BRIEF ▸
Look through the listing below for the line containing "Panel przedni głośnika". Copy it and each line after it up to and including the line containing "Glorimi GX Sport", exactly, leaving out pictures.

————

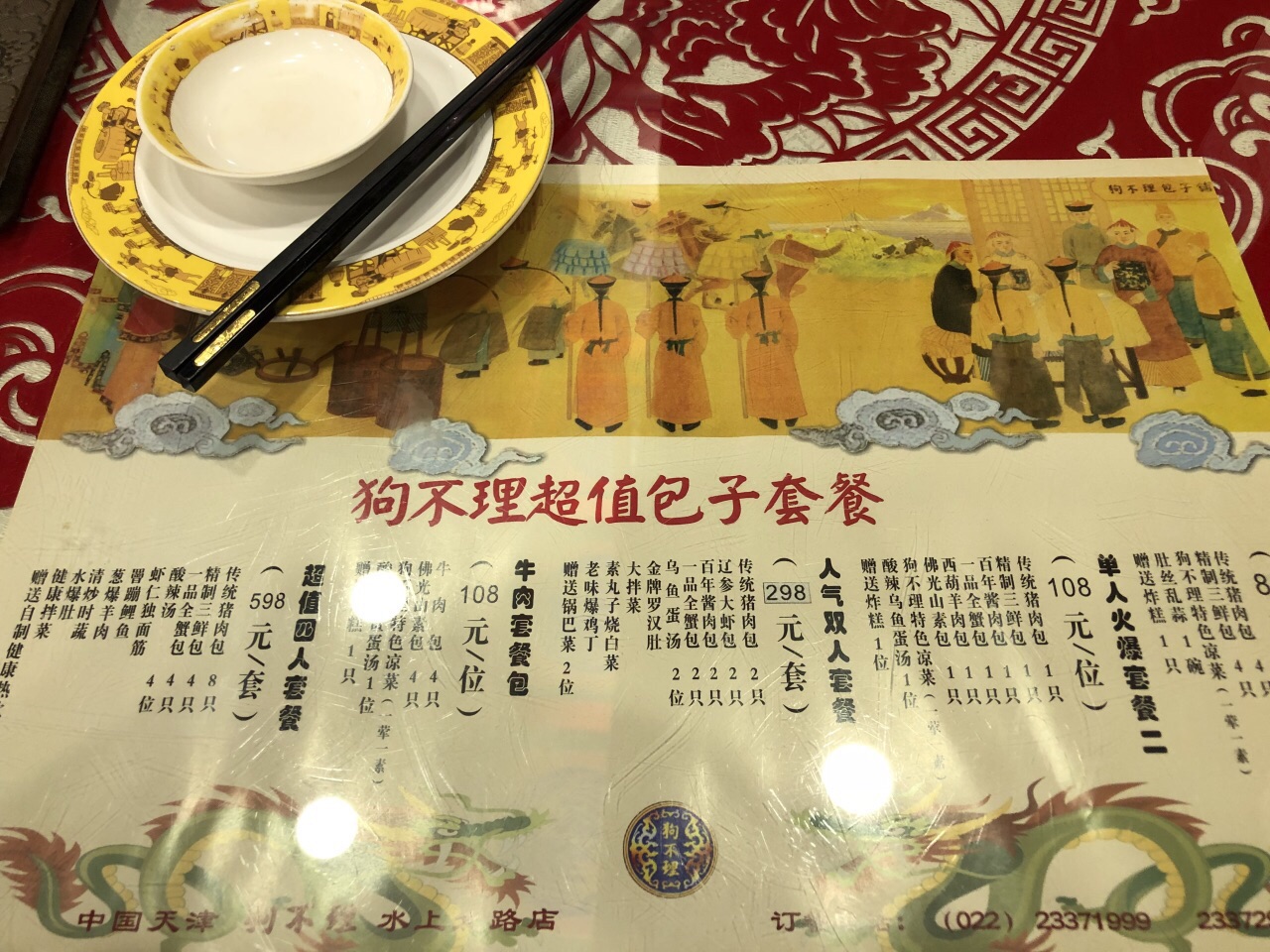 到天津不能不吃狗不理,选来选去选了水上公园旁边的好吃旗舰店。 【位置】离水上公园不远,在路边很好辨认,因为超级气派。。 【环境】环境非常华丽丽,不像吃包子的,像宫廷宴。。 【服务】服务跟名气,环境和价格完全不搭,要了个茶汤,碗上还沾着各种糊呢也不知道擦就直接给我上桌,讲真服务水准还不如路边摊。 【口味】这包子性价比真是低,不为了拔草真不回来吃,回去跟青旅的小伙伴说了还被当智障。。不够味道还行吧,比印象中好吃点,样子确实好看。看大多数人基本也只点了包子,估计都是只为尝鲜。
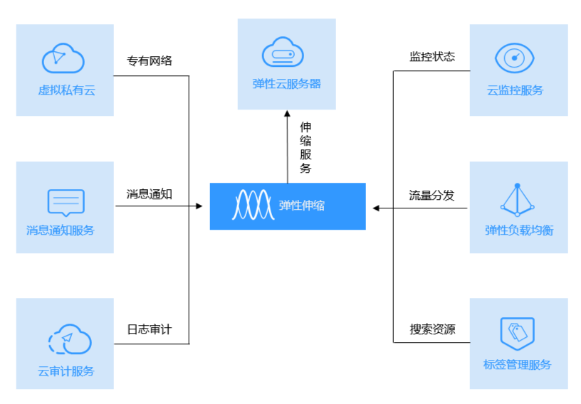 除直接使用弹性伸缩提供的对资源进行调整的功能外,若您同时购买了云服务中的其他产品,可以结合其他产品一起使用,能满足您多种场景下对云产品的需求。
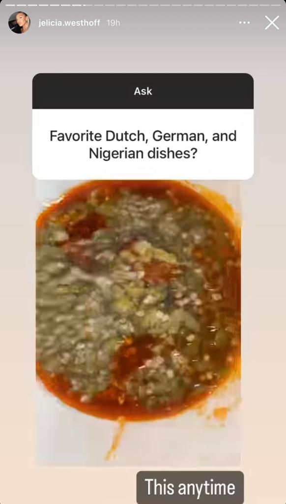 Jelicia shared a snap of herself enjoying the local Nigerian Okra soup and Pounded Yam while captioning it, “This anytime”.
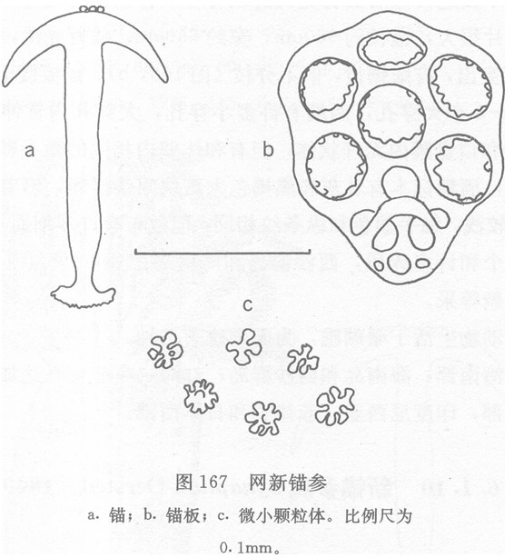 20--150mm,但直径均不超过3mm。触手数目多为10个,少数标本为9个或11个,各具15一17对侧指,各指间有膜相连,波里氏囊12一14个,石管1个。眼点很小,难以分辨。软骨环很钝。石灰环稍带红色。 身体前后端的骨片基本相同,锚形骨片锚...
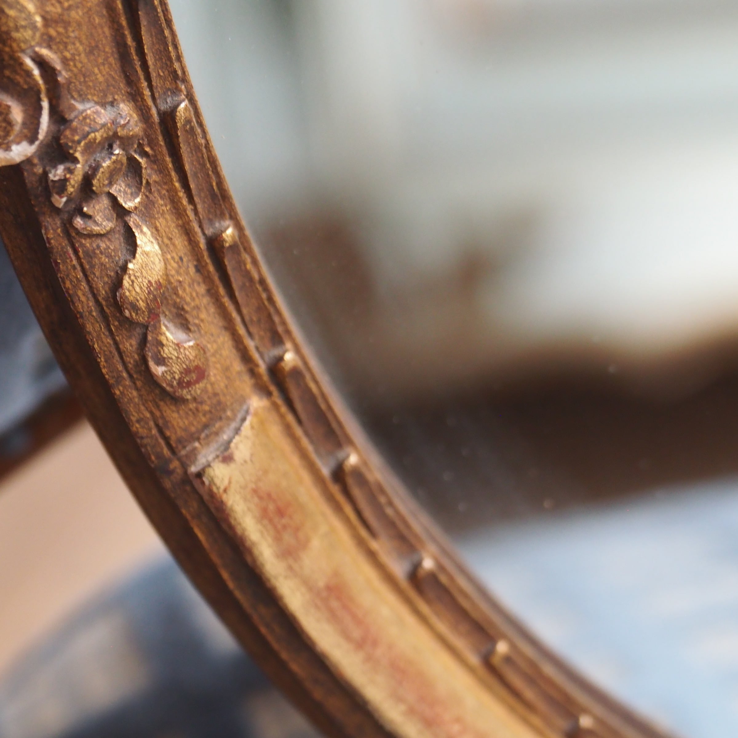 落ち着いた明るいゴールド、彫刻が施されたエレガントでシックなミラーです。
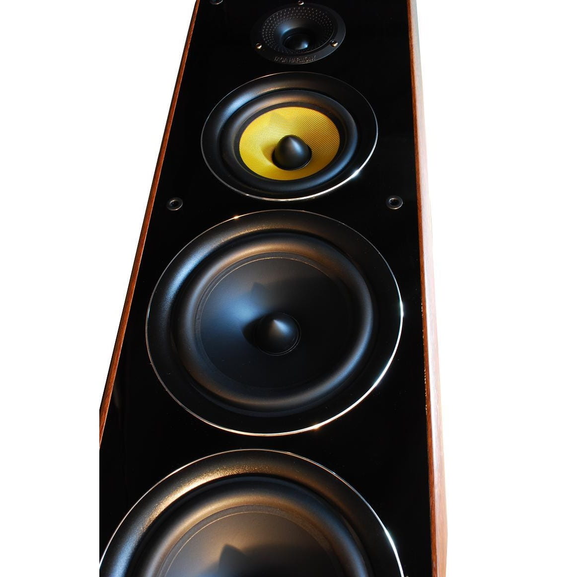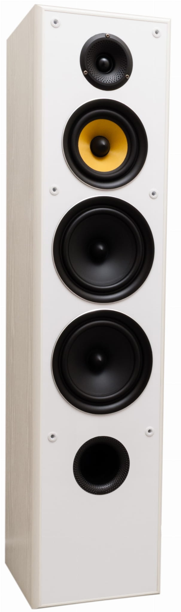 Panel przedni głośnika wysokotonowego w kształcie tuby wraz z wklęsłymi otworkami, pełni rolę dyfuzora, który w szerszym zakresie rozprasza wysokie tony po pomieszczeniu.
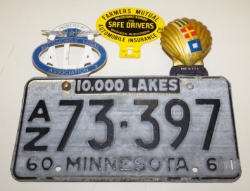 #318 - 1960 MN License Plate w/ 3 Toppers--Farmer's Mutual, Shell, & ALA
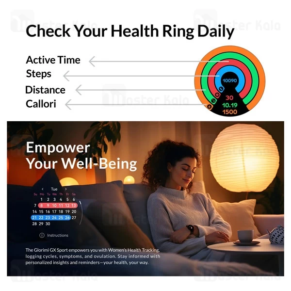 Glorimi GX Sport امکان ثبت چرخه قاعدگی، علائم و زمان تخمکگذاری را فراهم میکند. با ارائه یادآوریها و نکات شخصی، این ویژگی به بانوان کمک میکند تا بهتر با وضعیت سلامتی خود آشنا شوند و برنامههای روزانه و ورزشی خود را با شرایط بدن هماهنگ کنند. مدیریت سلامت شخصی با دقت و آسانی، از دیگر مزایای این قابلیت است.
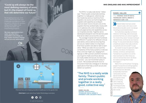 We help organisations turn cyber security into a competitive advantage , to fully realise business change , not just process automation . Find out how we ’ re helping transform healthcare for the good of all . Click here to join one of our Cylera Technology overviews . 142 April 2021
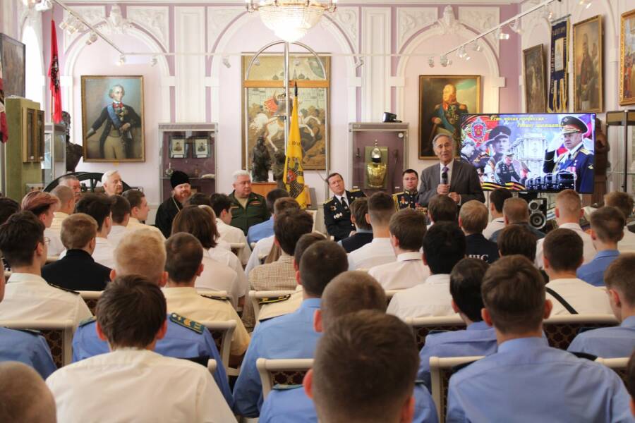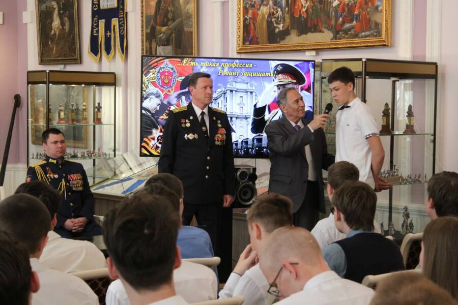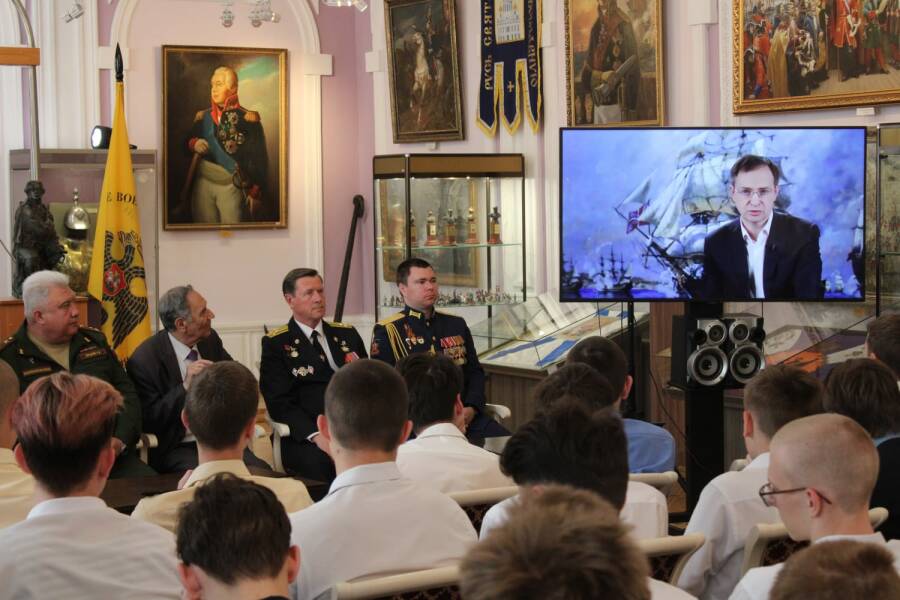 Символично, что первое заседание «Клуба будущих офицеров» в Тамбове тоже началось с показа видеолекции об этом прославленном флотоводце, которую подготовил в рамках проекта «Рассказы из русской истории» помощник Президента РФ, доктор исторических наук, профессор Мединский В.Р. «Я из семьи военных. Это особые люди», – поделился со зрителями Владимир Ростиславович. Его отец – Ростислав Игнатьевич Мединский – полковник в отставке, более 40 лет честно и доблестно служивший в Вооруженных Силах России. Человек большого личного мужества и высокого профессионализма, настоящий советский офицер, он сполна проявил свои командирские и человеческие качества при выполнении служебно-боевых задач. Ростислав Игнатьевич участвовал в войне в Афганистане, в ликвидации последствий аварии на Чернобыльской АЭС и землетрясения в Спитаке.
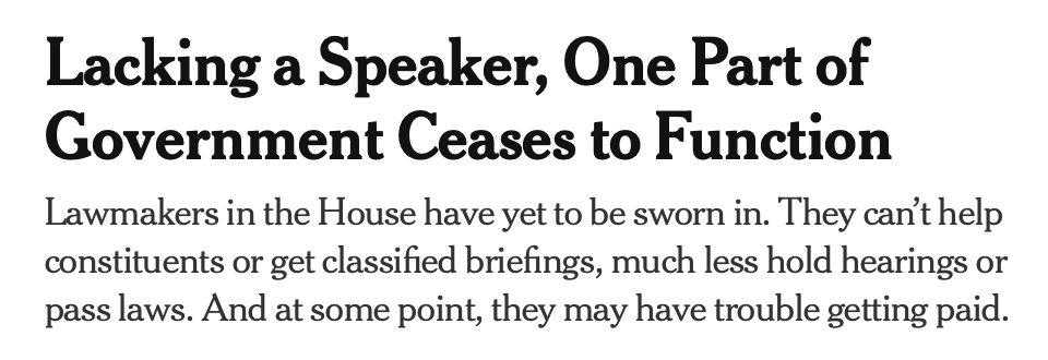 “The lack of a new speaker has ground House business to a halt,” trumpets a CNN headline. The Washington Post warned “The House itself remained in limbo, with no action until a speaker is elected.” Just hours after the very first day of the 118th Congress, the New York Times wailed the legislative branch “ceases to function.”
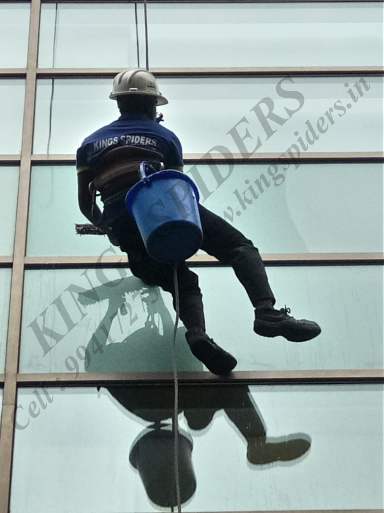 Window glass cleaning work in Chennai : Window washing is the exterior cleaning of architectural glass is used for structural , lighting or decorative Purpose for glass cleaning work in Chennai , Facade glass cleaning work in Chennai , High level glass cleaning work in Chennai , Suspended platform work in Chennai , Light fixing work in Chennai , Sealant work in Chennai , Silicon filling work in Chennai , Acpsheet cleaning work in Chennai , Glazing work in Chennai , Glass fixing work in Chennai , Electrical work in Chennai , Plumbing work in Chennai , Pigeon netting work in Chennai , Scaffolding work in Chennai . Contact No : 9941727389 / 9841332244 / 9094009400 To visit us : www.kingspiders.in / www.kingsspiders.com
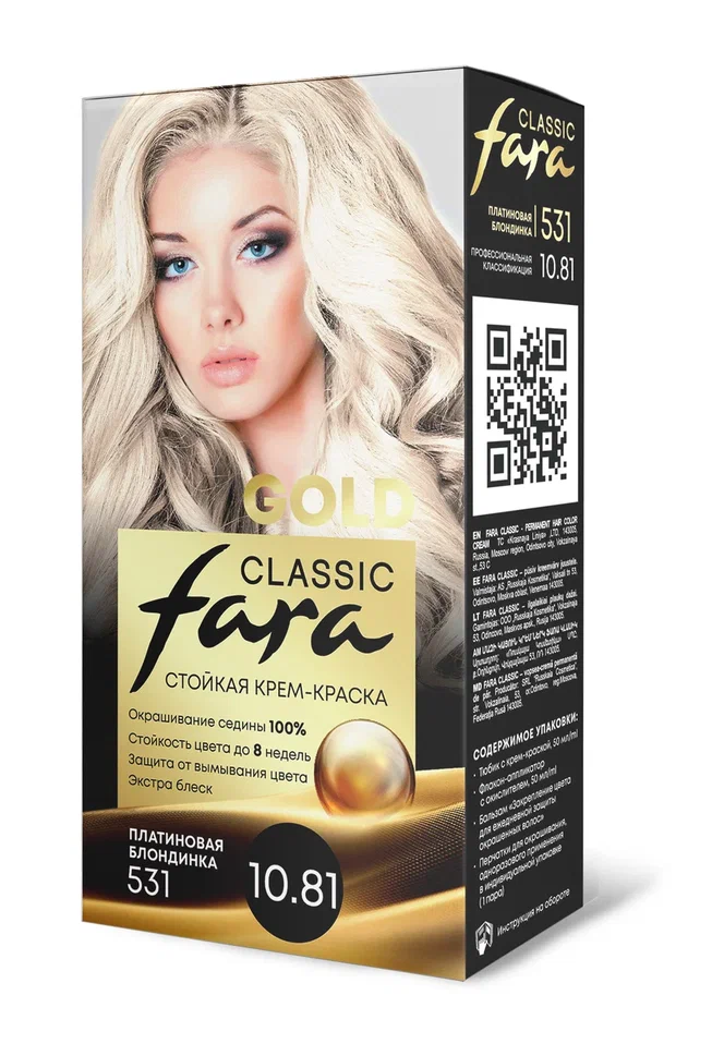 Стойкая крем-краска для волос Fara Classic Gold 531 Платиновая блондинка 10.81 - это 100% профессиональное закрашивание седины и стойкость цвета до 8 недель.
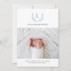 Este na moda e elegante cartão de nascimento de fotografia de dois lados apresenta quatro (4) fotos (frente e verso) do seu bebê recém-nascido, texto personalizado que pode ser personalizado, faixa de folhagem azul-bebê e monograma. Personalize este modelo, adicionando o nome do seu bebê recém-nascido, o registro de nascimento e os nomes dos pais.
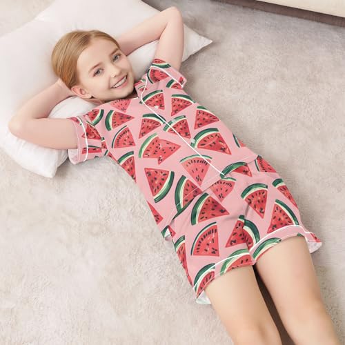 ALAZA Cartoon Watermelon Slices Satin Pajamas Set Short Sleeve Button Down Sleepwear Summer Pjs 2 Piece 1
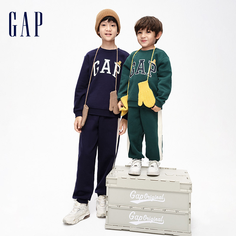 Gap Boy Winter 2023 New LOGO Plus Suede Split Motion Two Sets 856100 Children Warm Suit-Taobao
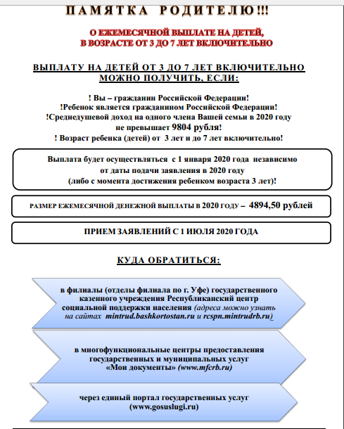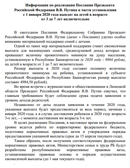 Информация по реализации Послания Президента РФ В.В.Путина в части установления с 01.01.2020г. выплат на детей в возрасте от 3 до 7 лет включительно
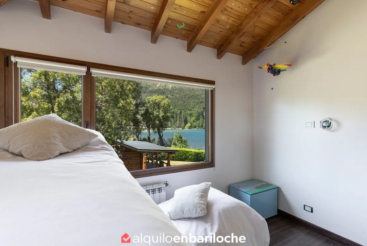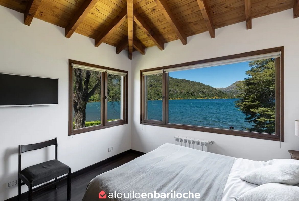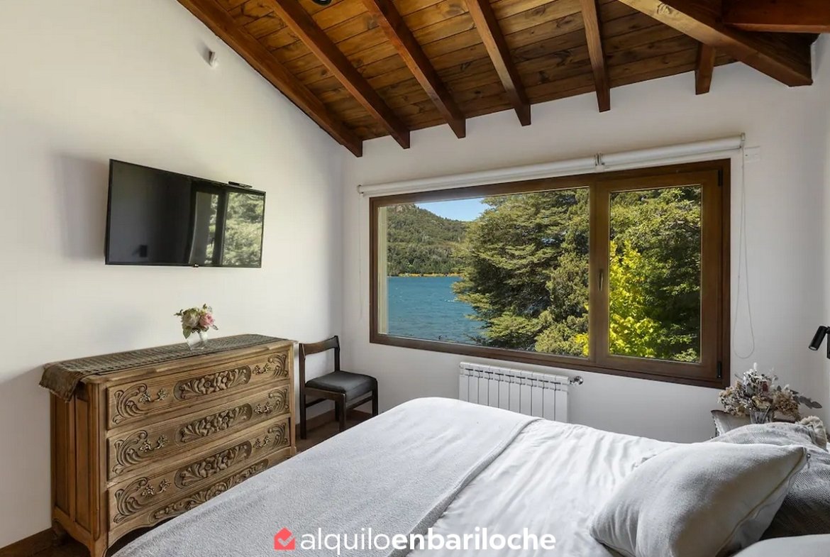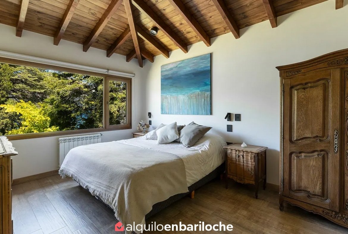 - Dormitorio 1: cama matrimonial, baño en suite, vista al lago, cortinas blackout.

————

RESULT FOR THIS TASK ▸
 Panel przedni głośnika wysokotonowego w kształcie tuby wraz z wklęsłymi otworkami, pełni rolę dyfuzora, który w szerszym zakresie rozprasza wysokie tony po pomieszczeniu.
 #318 - 1960 MN License Plate w/ 3 Toppers--Farmer's Mutual, Shell, & ALA
 Glorimi GX Sport امکان ثبت چرخه قاعدگی، علائم و زمان تخمکگذاری را فراهم میکند. با ارائه یادآوریها و نکات شخصی، این ویژگی به بانوان کمک میکند تا بهتر با وضعیت سلامتی خود آشنا شوند و برنامههای روزانه و ورزشی خود را با شرایط بدن هماهنگ کنند. مدیریت سلامت شخصی با دقت و آسانی، از دیگر مزایای این قابلیت است.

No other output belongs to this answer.